Let’s get into Jeremy Stein’s thinking via a critique by Ryan Avent:

Ryan Avent: Financial stability: Leaning, then toppling: “IF YOU want to know why the Federal Reserve is undershooting both its inflation target and its maximum employment mandate,

cast your eye toward Jeremy Stein… [who] has led the intellectual charge within the Federal Open Market Committee to place more emphasis on financial stability as a monetary policy goal. For a glimpse… have a look at his most recent speech….

I am going to try to make the case that, all else being equal, monetary policy should be less accommodative–by which I mean that it should be willing to tolerate a larger forecast shortfall of the path of the unemployment rate from its full-employment level–when estimates of risk premiums in the bond market are abnormally low. These risk premiums include the term premium on Treasury securities… expected returns to investors… bearing the credit risk on… corporate bonds and asset-backed securities…. Consider the period in the spring of 2013 when the 10-year Treasury yield was in the neighborhood of 1.60 percent and estimates of the term premium were around negative 80 basis points…

Mr Stein is effectively taking ownership of the Fed’s move toward tapering. Long-term unemployed Americans should address their letters accordingly. Why not laud the governor for his efforts? Who could be against financial stability, particularly given disastrous recent experience? Well, financial stability is a fine goal…. But Mr Stein’s particular approach… strikes me as… very likely to prove counterproductive…. Consider the way Mr Stein opens the speech….

The easier question is, should financial stability concerns, in principle, influence monetary policy decisions?… This question is about theory, not empirical magnitudes, and, in my view, the theoretical answer is a clear “yes.”

Hold on. Mr Stein… takes for granted that excess unemployment is the price to be paid for stability rather than excess inflation. Why? Where does that view come from? Naturally, it is assumed:

[T]he argument assumes that there is some variable summarizing financial market vulnerability–I will be abstract for the moment and just call it FMV–which is influenced by monetary policy. That is, easier monetary policy leads to increased vulnerability… there is a greater probability of an adverse event–some kind of financial market shock–that, if it were to occur, would push up the unemployment rate, all else being equal….
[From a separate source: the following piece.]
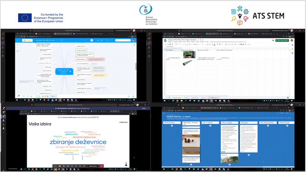 Udeleženci so v prvem delu srečanja doživeli ATS STEM učno enoto in ob tem razvijali STEM veščine/kompetence s pomočjo različnih spletnih aplikacij. S pomočjo videokonferenc v Teams okolju so z lastnimi napravami delali z različnimi spletnimi aplikacijami (Mentimeter, Mind Meister, AWW Board, Padlet, Google Risbe in Google zvezek, GDocs dokumenti). Po principu reševanja problemov so s pomočjo IKT analizirali problem s področja trajnostnega razvoja, iskali mogoče rešitve, izbrali skupno rešitev in načrtovali izdelek kot njeno rešitev (prototip). V drugem delu so se urili v prepoznavanju ključnih elementov ATS STEM učne enote, ki bodo tudi predmet evalvacije v pilotnem šolskem letu. Srečanja se je udeležilo več kot osemdeset učiteljev in nekaj ravnateljev. Učitelji so tekom celotnega izobraževanja prikazali veliko veščin na področju digitalnih kompetenc, reševanja problemov in ustvarjalnosti in pridobili nova znanja, ki jim bodo pripomogla pri načrtovanju medpredmetnih učnih enot v naslednjem šolskem letu.
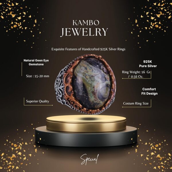 Bu muhteşem erkek yüzüğü, derin sembolizmi ve netlik ile içgörü ile bağlantılı büyüleyici deseniyle tanınan gerçek bir Yeşil Göz taşına sahiptir. El yapımı 925 ayar gümüş bir bant içinde yer alan Yeşil Göz taşı, sadece görsel olarak etkileyici değil, aynı zamanda güvenli ve şık bir şekilde monte edilmiştir.

Once one assumes that, showing that tighter policy might be justified even when unemployment is above desired levels is mathematically trivial. Everything is built on the assumption that easy policy = financial danger…. It’s not hard to see how Mr Stein has arrived at this point. Much of his academic work focused on exploring the “lending channel” of monetary policy transmission: tighter policy affects the economy by reducing bank lending…. What is most remarkable about all of this is how swiftly and silently the FOMC is moving in Mr Stein’s direction. The governor is drawing some hugely significant conclusions from rather tenuous beginnings, and the FOMC is following his lead with scarcely any public debate…. Here is where Janet Yellen explains why the Fed gestured toward tapering last summer:

Well, I think there were quite a number of things happening at that time. I think it’s probably true that monetary policy may have played a role in touching off that market reaction, but I think the market reaction was exacerbated by the fact that we had a very significant unwinding of carry trades and other leveraged positions that investors had taken, perhaps thinking that the level of volatility was exceptionally low and perhaps lower than was safe for them to have assumed. But we certainly saw–now, in some ways, the fact that term premium in interest rates have come up somewhat, although it has had a negative effect on the recovery and that’s evident in housing, in the slowdown in housing, perhaps it’s diminished some financial instability risk that may have been associated with these carry trades and speculative activities that were unwinding during that time. A lesson is that we will try, and we were trying then, but we will continue to try to communicate as clearly as we possibly can about how we will conduct monetary policy and to be as steady and determined and as transparent as we can, to provide as much clarity as is reasonably certain–given that the economic developments in the economy are themselves uncertain–but we will try as hard as we can not to be a source of instability here.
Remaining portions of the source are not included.